**EXERCISE DETAILS**
Take the line with "Devem-se a Samuel" as the first and the last line of the data as the end. Write out both and every line between exactly, except pictures.

**PROVIDED RECORDS**
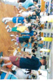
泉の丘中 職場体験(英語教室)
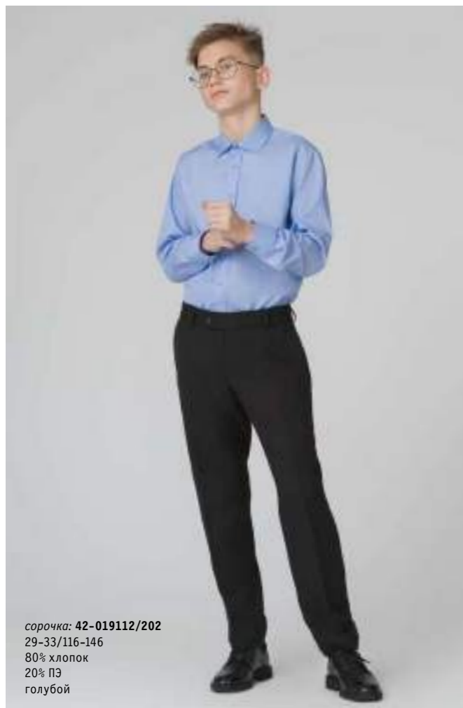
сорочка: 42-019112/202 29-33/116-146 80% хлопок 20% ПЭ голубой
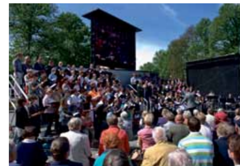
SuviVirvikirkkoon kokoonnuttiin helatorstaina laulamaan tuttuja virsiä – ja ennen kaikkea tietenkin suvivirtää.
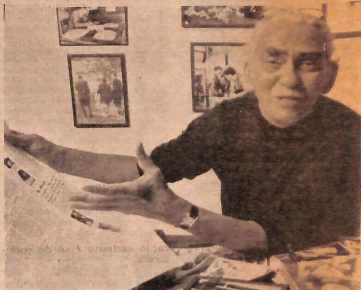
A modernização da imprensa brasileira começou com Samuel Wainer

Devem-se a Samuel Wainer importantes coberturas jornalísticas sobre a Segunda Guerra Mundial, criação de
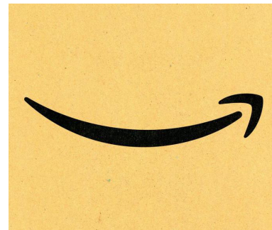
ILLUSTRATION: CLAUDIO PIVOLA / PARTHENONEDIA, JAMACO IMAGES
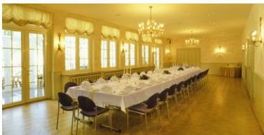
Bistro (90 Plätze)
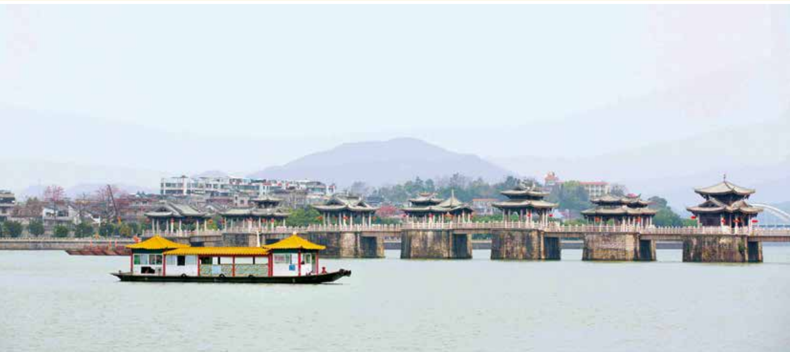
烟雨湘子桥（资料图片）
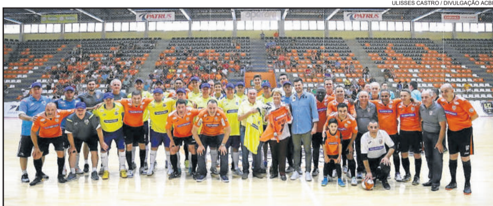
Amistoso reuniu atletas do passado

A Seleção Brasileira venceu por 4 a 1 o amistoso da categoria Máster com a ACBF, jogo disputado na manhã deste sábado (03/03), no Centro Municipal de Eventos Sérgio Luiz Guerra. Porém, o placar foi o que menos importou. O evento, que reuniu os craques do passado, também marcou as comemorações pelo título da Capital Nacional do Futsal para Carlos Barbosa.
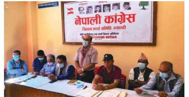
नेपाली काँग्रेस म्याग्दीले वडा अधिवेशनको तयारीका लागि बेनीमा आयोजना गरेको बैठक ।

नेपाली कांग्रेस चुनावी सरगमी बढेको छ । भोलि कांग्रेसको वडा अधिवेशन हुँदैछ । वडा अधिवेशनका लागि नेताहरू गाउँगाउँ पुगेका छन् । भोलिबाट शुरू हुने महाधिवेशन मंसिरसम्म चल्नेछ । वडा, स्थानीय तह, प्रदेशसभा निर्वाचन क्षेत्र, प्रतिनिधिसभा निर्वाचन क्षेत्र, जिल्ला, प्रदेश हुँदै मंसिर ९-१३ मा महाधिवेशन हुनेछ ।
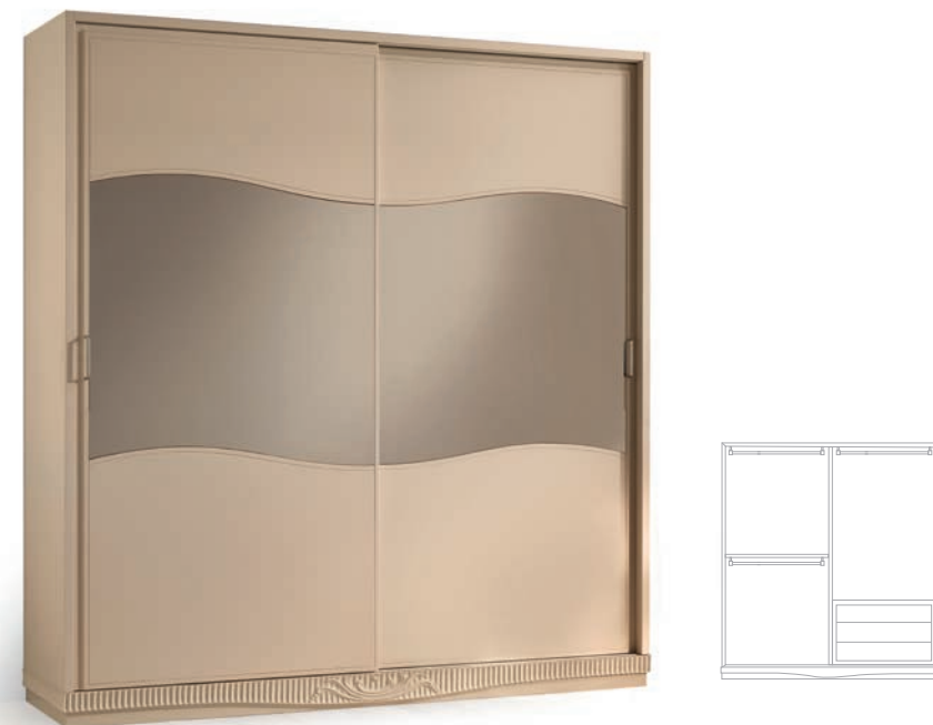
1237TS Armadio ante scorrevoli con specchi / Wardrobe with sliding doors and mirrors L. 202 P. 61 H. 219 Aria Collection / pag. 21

**RESPONSE TO THE TASK**
Devem-se a Samuel Wainer importantes coberturas jornalísticas sobre a Segunda Guerra Mundial, criação de
ILLUSTRATION: CLAUDIO PIVOLA / PARTHENONEDIA, JAMACO IMAGES
Bistro (90 Plätze)
烟雨湘子桥（资料图片）
Amistoso reuniu atletas do passado

A Seleção Brasileira venceu por 4 a 1 o amistoso da categoria Máster com a ACBF, jogo disputado na manhã deste sábado (03/03), no Centro Municipal de Eventos Sérgio Luiz Guerra. Porém, o placar foi o que menos importou. O evento, que reuniu os craques do passado, também marcou as comemorações pelo título da Capital Nacional do Futsal para Carlos Barbosa.
नेपाली काँग्रेस म्याग्दीले वडा अधिवेशनको तयारीका लागि बेनीमा आयोजना गरेको बैठक ।

नेपाली कांग्रेस चुनावी सरगमी बढेको छ । भोलि कांग्रेसको वडा अधिवेशन हुँदैछ । वडा अधिवेशनका लागि नेताहरू गाउँगाउँ पुगेका छन् । भोलिबाट शुरू हुने महाधिवेशन मंसिरसम्म चल्नेछ । वडा, स्थानीय तह, प्रदेशसभा निर्वाचन क्षेत्र, प्रतिनिधिसभा निर्वाचन क्षेत्र, जिल्ला, प्रदेश हुँदै मंसिर ९-१३ मा महाधिवेशन हुनेछ ।
1237TS Armadio ante scorrevoli con specchi / Wardrobe with sliding doors and mirrors L. 202 P. 61 H. 219 Aria Collection / pag. 21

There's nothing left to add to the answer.